If the above problem ends up actually being a problem I feel like I’m kinda just going to have a mental breakdown honestly I’m an uncountable amount of times I thought I finally was about to have a working board, about 4 months going recluse because I didn’t have a convenient form of transportation, and 2.5K in the hole with this thing and I kept pursuing it because distrust w/ Meepo after two of their battery packs broke on me bcs of shitty contact welds in the span of a couple months and lost cost fallacy once I started. Do I just buy a prebuilt now if this doesn’t work? The battery situation has me kinda sketched out honestly and I just don’t know what to do at this point, and even if I do wanna get a decent commute prebuilt my options feel really slim given that whatever it is needs to be weather resistant enough for Portland.
That deck has zero flex, id send it. I think with the pcb mount battery it made it a smidge thick but the neoprene will compress over time and it shouldn’t do anything bad as it won’t be moving AT ALL. As long as it is just the neoprene you can probably just get thinner adhesive neoprene for the deck side and swap it out if it bothers you long term or is keeping the lid from sealing well.
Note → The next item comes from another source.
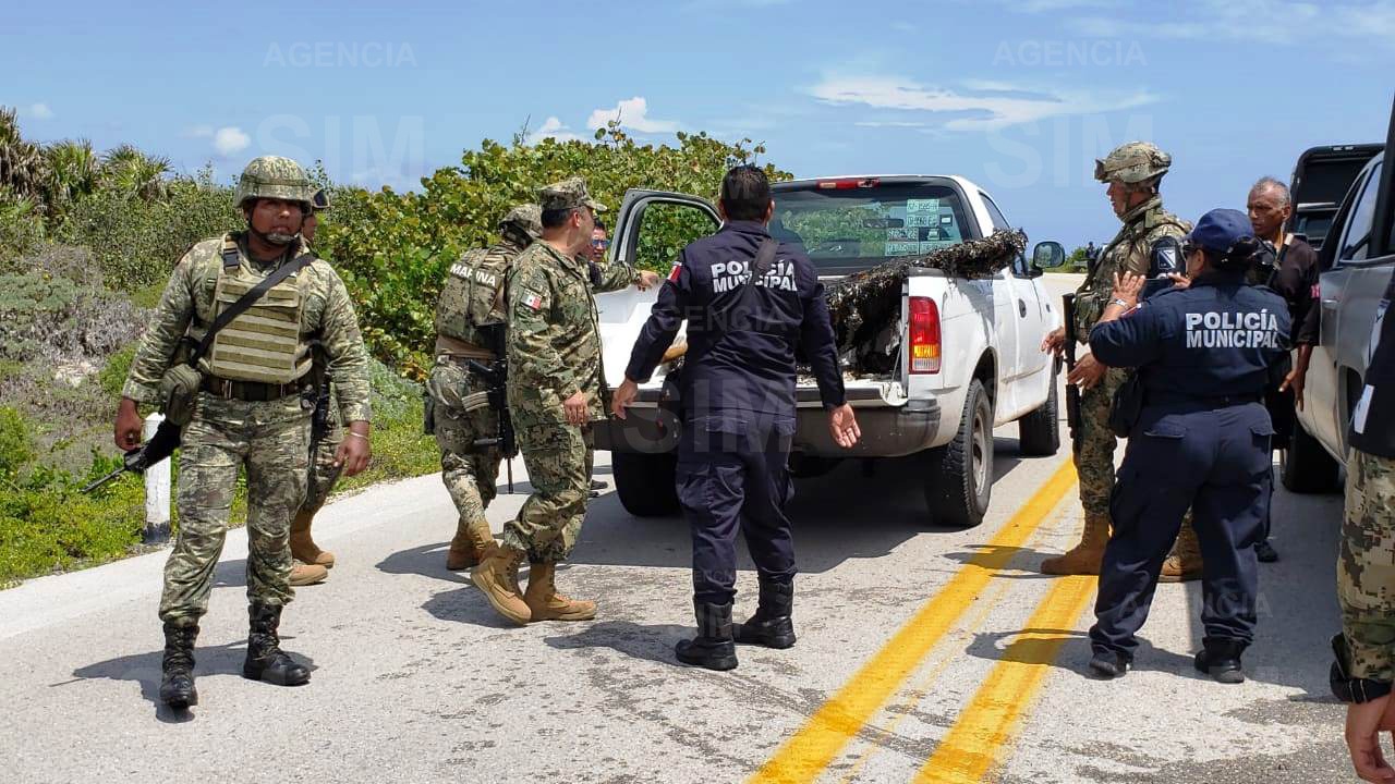 Al lugar del hallazgo acudieron elementos de la Secretaria de Marina y Guardia Nacional, así como del Ejercito y cuatro patrullas de Seguridad Publica para dar seguridad y protección a los trabajos de rescate del paquete y posteriormente, escoltar el vehículo en el que fue trasladado hasta la base de la Secretaria de Marina en la 65 avenida entre 35 y 39 a un costado de la Unidad Habitacional de la Semar, donde quedo en resguardo el paquete que según fuentes extraoficiales puede tratarse de hasta 100 kilogramos de cocaína pura con un valor estimado de 200 mil pesos el kilo en el mercado negro.

Sorry diy is being a pain, im struggling with my second from scratch build and the struggle is real. There are no standards lol. You should start a build thread and show off, sounds like a good project.
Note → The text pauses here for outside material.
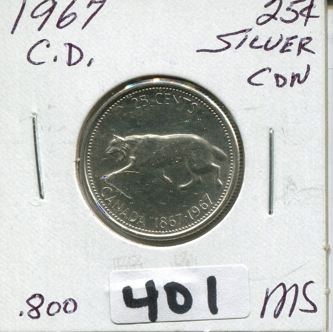 1967 CNDN CONFEDERATION CENTENNIAL SILVER QUARTER QUEEN ROTATED 15°
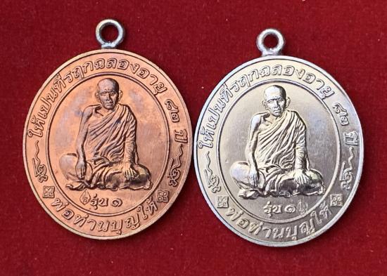 เหรียญห่วงเชื่อมรุ่นแรก ที่รฤกฉลองอายุ 82 ปี พ่อท่านบุญให้ วัดพรหมมัญพงศาราม จ.นครศรีธรรมราช เนื้ออัลปาก้า +ทองแดง หมายเลข ๔๔

Lol, I might. May make things go slightly better, I suppose I should finally settle on a name then. Anyways, right now I have it hot glued to the neoprene in the bed, the radiator on the bottom adds about as much thickness as the PCB, but with the neoprene foam this actually leaves the battery hanging over the neoprene by about 1mm, I’ve closed the gap with a couple pieces of scrap neoprene. But even then, it rises past the edge of the enclosure at the center where the lid curves down.
Attaching some pics of the build at present and the radiator+battery positioning, advance apologies for the abhorrent application of silicone sealant and hot glue. I plan to get things a bit neater once I solder the aforementioned data cable onto the motors, currently they make it a huge pain to keep things organized.